In environments housing arboreal species, pieces of dead tree branches must be included in order for them to construct their webs. Bog wood and cork bark can also be used.
FEEDING 
In the wild, tarantulas will eat most types of insects which makes them reasonably easy to feed. Although it is quite feasible to feed them on any insect that happens to be in season, care must be taken not to feed tarantulas any insects that may have come into contact with insecticides or fertilisers. It is probably easier to obtain food from a retail outlet, as you can be sure that it has not been chemically treated. Locusts, crickets, cockroaches and even moths, caterpillars and other insects are quite often available. Do not try to feed them ants, woodlice, beetles and other spiders, as this may lead to problems, including the death of your tarantula!
WATER
  Water is something a tarantula cannot do without for any length of time. It should be provided in an open shallow dish which should be kept clean and the water changed daily. A few of the arboreal species may prefer to drink from droplets on the side of the tank, something easily achieved by lightly spraying with a play spray. This, of course, also provides some of the essential humidity which a tarantula requires.
CLEANING
   Tarantulas do not take too kindly to being cleaned out, as they are very clean animals anyway. Waste food is neatly packaged in a web and excrement dries to a white powder. This is easily wiped from the sides of the tank. Cleaning should take place twice a year, the tank being washed and wiped thoroughly. The water dish should be kept clean at all times.
MOULTING 
 Most tarantula fatalities occur during the moult (sloughing) and are due basically to 2 things:-
1 The humidity within the tank is so low that the tarantula cannot shed its skin properly, either getting stuck in the old skin or exhausting itself in the process.

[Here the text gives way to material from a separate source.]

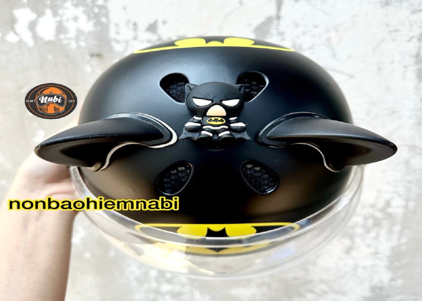Mũ bảo hiểm kính cho bé hình người dơi Batman nhẹ ~330grqm ~350gram phù hợp cho trẻ em
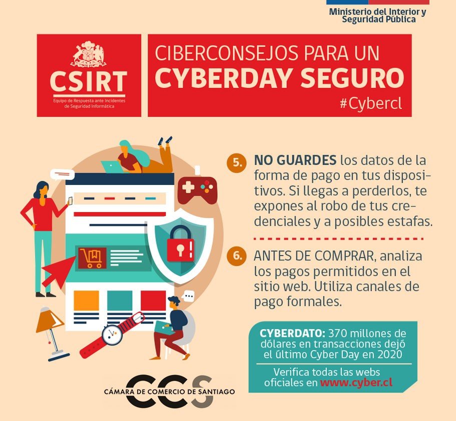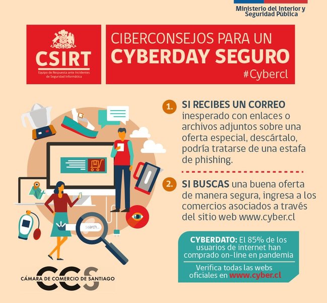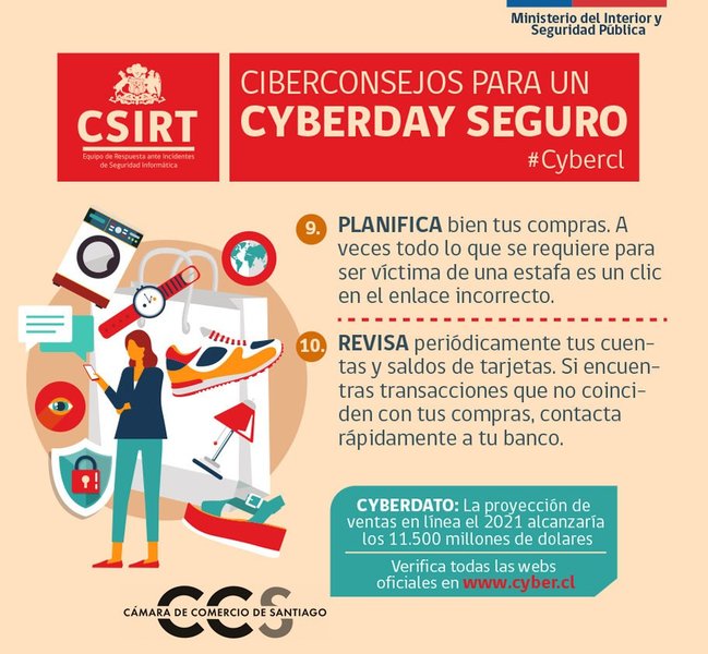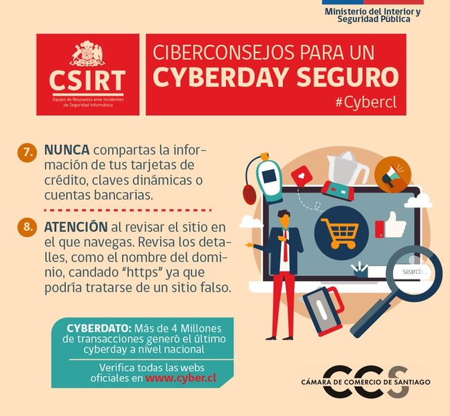 Por esto, y para que si decides comprar lo hagas con seguridad, lo mejor es que sigas las recomendaciones que el CSIRT de Gobierno y la Cámara de Comercio de Santiago preparamos para ti.

2 The tarantula is disturbed before the new exoskeleton has had time to harden correctly.
If you find your tarantula lying on its back motionless, it is shedding, something it needs to do in order to grow. Leave it alone, but remove any food in the bank and check the temperature and humidity. The process may take a few hours and afterwards the tarantula will be exhausted, the mouth parts too soft to take food and, therefore, vulnerable. During shedding, it is likely that any missing limbs will have been regenerated.
In fact, a tarantula may not eat for a number of weeks after shedding. Prior to shedding, it will go off its food probably a few weeks before the event and a bald patch may develop on the abdomen. Young Tarantulas may moult 2 or 3 times a year, adults possibly once a year. All is dependent on the conditions under which it is kept.
HANDLING 
Tarantulas do not really appreciate handling, they tolerate it. If a tarantula is dropped on to the ground, it will die. Also, there is a risk of the tarantula biting you if provoked. Therefore, it is recommended not to handle them.
Usually, the only problems experienced after being bitten by a tarantula are through secondary infections, through wounds not being cleaned properly and if allergic to insect bites and stings. Slight discomfort, possibly reddening and irritation may be felt on occasions. However, recent research suggests that more aggressive species, particularly from Africa and the Far East, have more powerful venom and can thus produce more severe symptoms.
The hairs on some tarantulas are known as urticating hairs, that is to say they can be broken off by the tarantula with ease and used as a defence mechanism. In individuals who are sensitive to these hairs, symptoms of itching, rashes and sneezing have been experienced.